A: The $S_n$ are defined on $(\Omega,\mathcal B,P)$.
Infinite product measure spaces come into play when you want to show that, given a random variable $X$ defined on, say, $(\Omega_0,\mathcal B_0,P_0)$, it is indeed possible to define a sequence of independent random variables with the same distribution as $X$.
Specifically, let $P_X$ be the distribution of $X$, which is a probability measure on $\mathbb R$. If you define $(\Omega,P)$ to be the infinite product of countably many copies of $(\mathbb R,P_X)$, that is, 
$\Omega=\mathbb R^{\mathbb N}$ and $P=\otimes_0^\infty P_n$ where $P_n=P_X$ for all $n$, then the coordinate functions $X_n(\omega_1,\omega_2,\dots ,)=\omega_n$ do the job.

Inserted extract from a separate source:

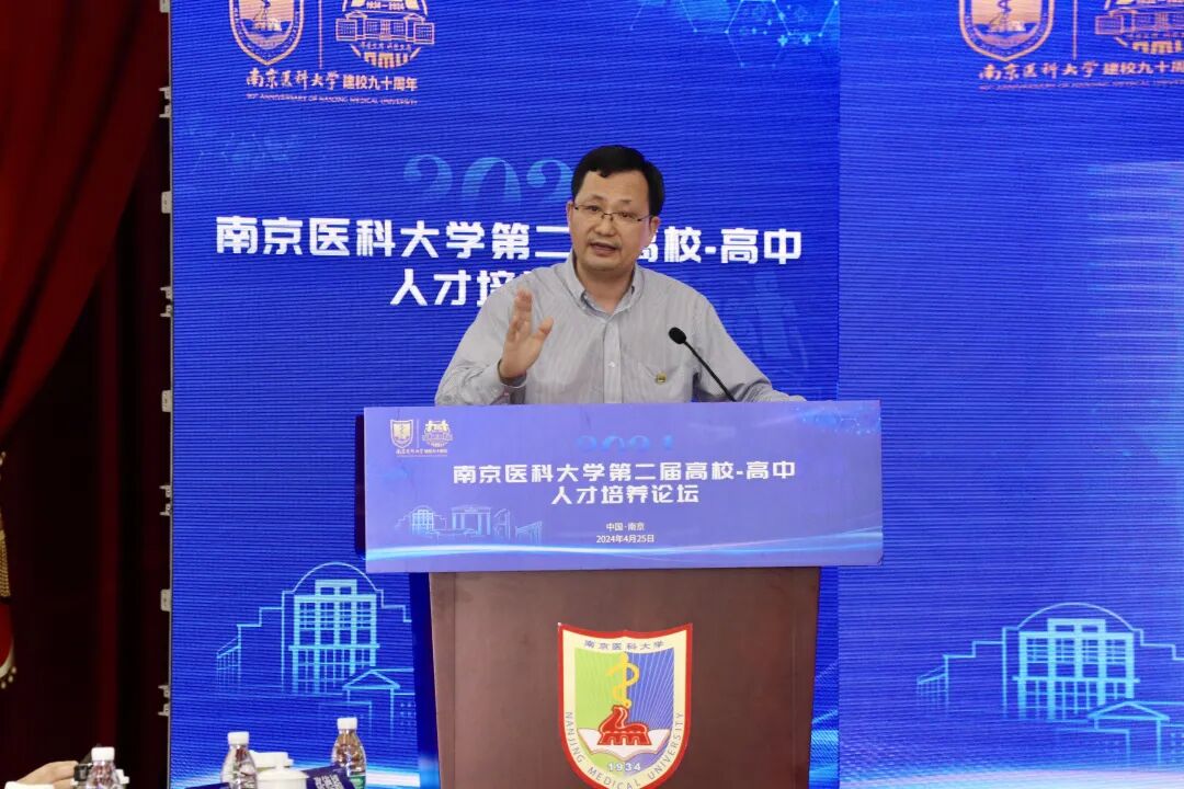 校长胡志斌对莅临论坛的教育厅领导、中学校领导、特邀专家表示欢迎和感谢。他表示,在90年的办学历程中,南京医科大学始终以服务人民群众身心健康为己任,以高质量的医学教育、医学科研和医疗卫生服务,积极推进健康中国、健康江苏建设。希望通过本次高校—高中人才培养论坛,聚焦合力打造开放共享的心理健康教育教学资源平台,携手探索大中小学心理健康一体化建设的新路径,为培养思想道德素质、科学文化素质和身心健康素质协调发展的时代新人,贡献高校与高中协同育人的力量。

A: One can regard $X_1$ as having a particular measure space as its domain and $(X_1,\ldots,X_n)$ as having as its domain the $n$-fold Cartesian product of that space with itself, and if one calls that last space $(\Omega,\mathcal{F},P)$, then all of the components are defined on that one space.  But it's not necessary for all that to be true in order to draw conclusions about the distribution of $(X_1,\ldots,X_n)$ when the fact that they are i.i.d. is known.  The fact that they are i.i.d. and the distribution of $X_1$ determine the distribution of $(X_1,\ldots,X_n)$.  For many purposes one can just regard the range of $X_1$ as the probability space on which $X_1$ is defined and the $n$-fold product of that range with itself as the space on which $(X_1,\ldots,X_n)$ is defined.
A: Suggestion. In law of large number theories you always can assume that you work in the following model:
Let $F$ be a distribution function defined in the real axis $R$.  Let $\mu$ be a Borel  probability measure in $R$ defined by $F$. We set $R_i=R$, $B_i=B(R)$ and $\mu_i=\mu$ for $i \in N$, where $N$ is a set of all natural numbers.  We put $(\Omega, F, P):=\prod_{i \in N}(R_i, B(R_i), \mu_i)$ and $X_n((\omega_k)_{k \in N})=\omega_k$ for $n \in N$ and $(\omega_k)_{k \in N} \in R^{\infty}$.   
Then  $( X_k)_{k \in N}$ stands an example of independent identical random variables (with a distribution function $F$)  on probability space $(Ω,B,P)$ and $S_n((\omega_k)_{k \in N})=\sum_{k=1}^n\omega_k$.